CRE Feels Pressure From Russian Invasion of Ukraine
Russian President Vladimir Putin‘s decision to invade Ukraine sent the financial markets into a tailspin Thursday, adding new uncertainty to commercial real estate investors already confronting supply chain and inflationary pressures.
The Dow Jones Industrial Average was down sharply for much of Thursday trading before recovering slightly late in the day, with many CRE stocks and public real estate investment trusts facing pressure along the way. CBRE, which enjoyed a big 2021, was down 2.35 percent in late afternoon trading while Host Hotels and Resorts, the largest hotel REIT, was down 0.74 percent.
REITs enjoyed a big 2021 with a 41.3 percent year-over-year increase before falling hard in January due largely to concerns about the Federal Reserve indicating plans for three interest rate hikes.
Jonathan Morris, founder of the REIT Academy and a former executive at three REITs, said that the struggles in January could mean the sector won’t take a major hit from the escalating tensions in Eastern Europe. He noted that about 70 percent of REITs are owned by institutional investors, who often will take a longer-term view than individuals.
“I think there is a good chance that the air has been let out of the tire in the last month and a half and I think investors are going to see this as a big buying opportunity,” said Morris, a former director of acquisitions at Boston Properties and Charles E. Smith Residential Realty, before it merged with Archstone Communities. “If this was like December 2020 and this happened when everything was flying high, everything would go down 25 percent, but it’s already done that.”

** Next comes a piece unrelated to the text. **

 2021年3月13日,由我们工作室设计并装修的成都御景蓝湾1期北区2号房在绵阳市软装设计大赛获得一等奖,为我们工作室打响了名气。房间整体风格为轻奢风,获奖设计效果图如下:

Morris said that while the crisis between Russia and Ukraine will likely add to already challenging supply chain conditions, the bigger concern for commercial real estate will be the impact on pricing. He stressed, however, that most companies pre-order supplies long in advance so rising prices resulting from inflation may be muted.

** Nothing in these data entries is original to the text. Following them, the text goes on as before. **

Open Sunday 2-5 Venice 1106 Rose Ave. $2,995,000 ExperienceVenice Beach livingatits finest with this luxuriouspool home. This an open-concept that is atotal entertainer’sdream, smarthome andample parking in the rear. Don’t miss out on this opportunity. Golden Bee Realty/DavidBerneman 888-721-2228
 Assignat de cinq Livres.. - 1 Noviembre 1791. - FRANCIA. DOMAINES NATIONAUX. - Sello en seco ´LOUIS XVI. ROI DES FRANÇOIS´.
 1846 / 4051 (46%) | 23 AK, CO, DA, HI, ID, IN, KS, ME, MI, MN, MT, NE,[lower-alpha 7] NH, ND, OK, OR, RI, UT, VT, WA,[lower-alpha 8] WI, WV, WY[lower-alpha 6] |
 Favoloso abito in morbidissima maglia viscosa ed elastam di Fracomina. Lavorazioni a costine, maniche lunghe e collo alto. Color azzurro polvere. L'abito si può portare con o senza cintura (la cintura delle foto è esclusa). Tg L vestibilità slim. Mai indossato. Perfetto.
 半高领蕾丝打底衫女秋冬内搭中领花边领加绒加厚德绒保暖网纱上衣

The Fed’s interest rate moves will have a far bigger impact on CRE and Morris said the sector would get a boost if the Fed would give indications that it was considering scaling back the rate hike this year to avoid further economic damage. Public-owned REITs only use about 30 percent leverage while private REITs utilize around twice that amount, according to Morris.
Existing supply chain challenges were further fueled by Putin’s attacks on Ukraine with crude oil prices piercing the $100-a-barrel level for the first time since 2014 this week. Russia is one of the three major oil producers, along with Saudi Arabia and the U.S., which have both resisted calls to boost production amid rising prices during the past year.

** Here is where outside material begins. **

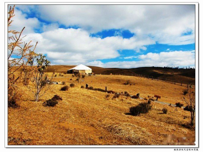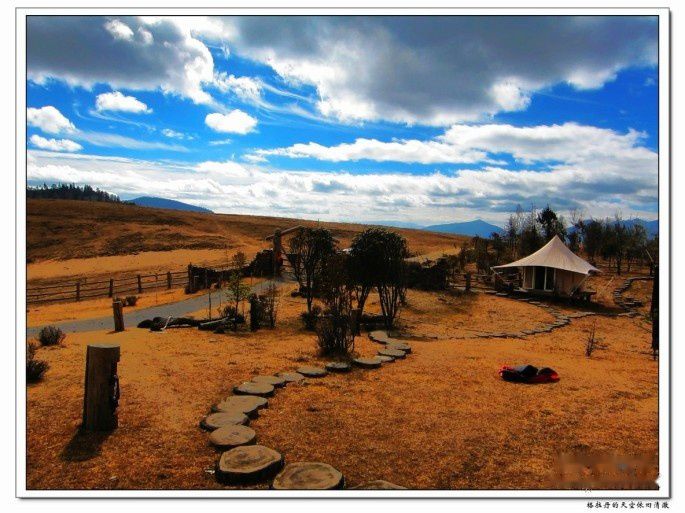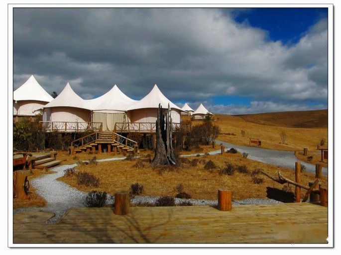 即便在如此纯净偏远的地方也少不了开发者的足迹,一家公司持重金在此打造了一座帐篷高端酒店,预备以每晚300美金以上的房费为社会精英和有钱没地方受罪的人士提供专属净土感受。一顶顶白色的帐篷错落撒在这高山草原之上倒是与风景很和谐的,却有一番塞外的味道。帐篷内虽然装修简单也不失风格,还配有地暖、自来水和排污设施,实在冷了还有电热毯,考虑的还算周全。帐篷驻地海拔3490米,要在这静待几日和饱睡他几晚确实是对饱受剩余幸福折磨的社会精英们有益处的,说不定一路的尘土会让他们幻想起这是撒哈拉的,也许有一天直升飞机会改善路程,但那时这里就不一定还是傈僳族同胞心中的那个开满奇花的格拉丹了。
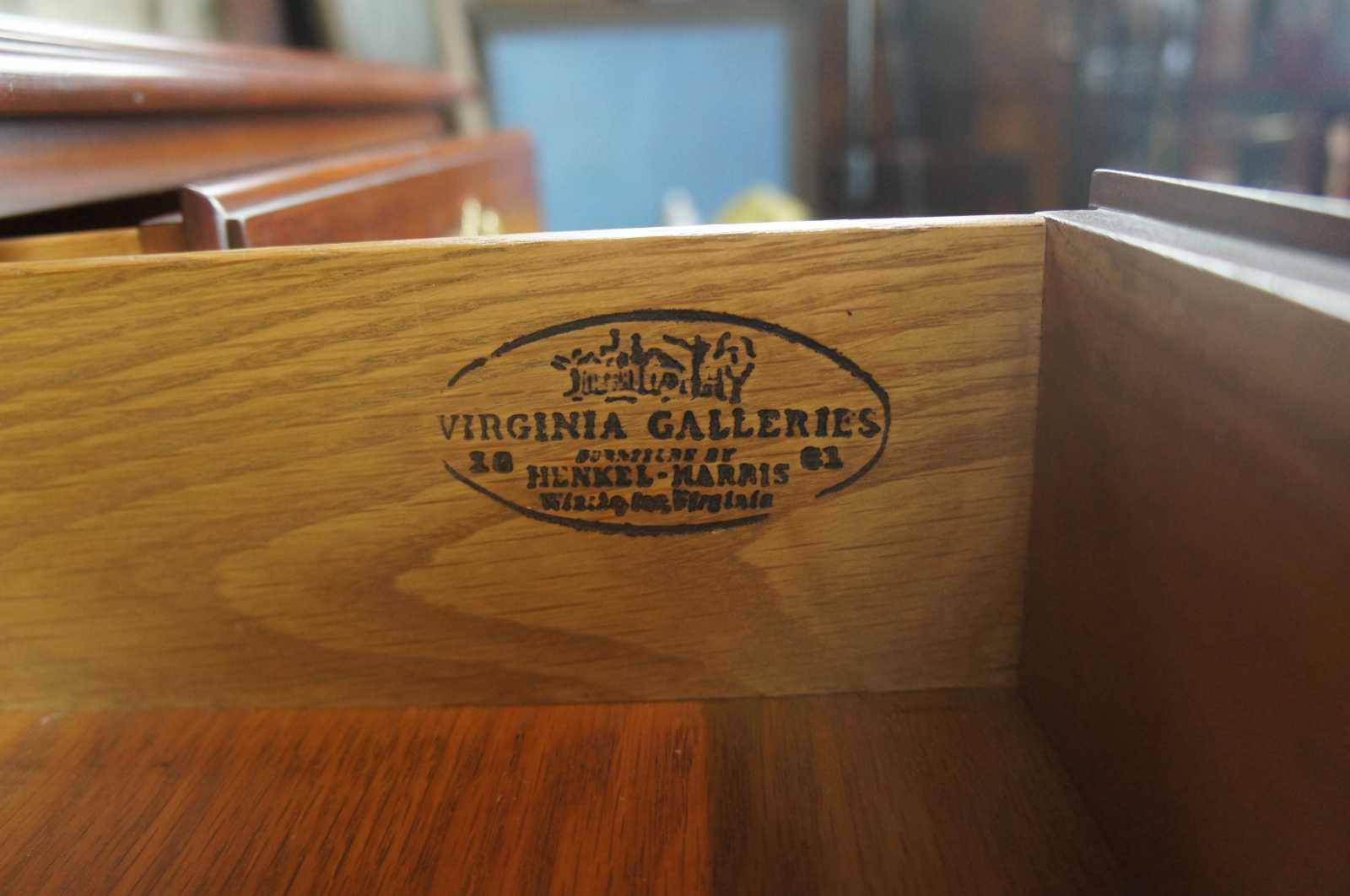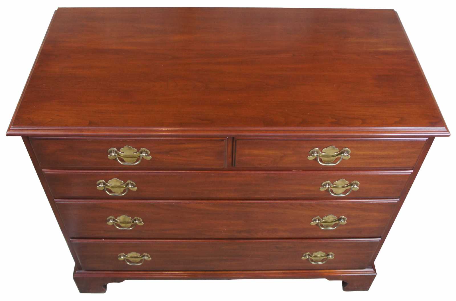 Henkel Harris Wild Black Cherry dresser or chest, circa 1982. Features chippendale styling with brass hardware and block feet. Finish #24.

Peter McNally, vice president global sector lead for industrial materials and energy at Third Bridge, noted in a Thursday morning commentary that the economic effects of rising gas prices are uncertain since air travel recovery has been “uneven” with volume still well off pre-pandemic levels.
“With inventories low, volumes are needed in uncertain times whether they be from Russia or any other suppliers,” McNally wrote. “What is less certain going forward is demand.”
Mark Russo, director and head of industrial research at Savills, said prior to the escalation in the Russia-Ukraine conflict, freight costs had already risen “exponentially” in the past year, and are getting passed onto consumers contributing to the highest inflation in 40 years. He noted that freight inflation is a headwind for the industrial property sector given that transportation can make up 50 percent of total costs for occupiers.
“In terms of implications for warehouse site selection, rising shipping costs are making proximity even more critical,” Russo said. “Not unlike the pandemic, geopolitical events can expose serious vulnerabilities in the supply chain and the just-in-time approach to inventory management.”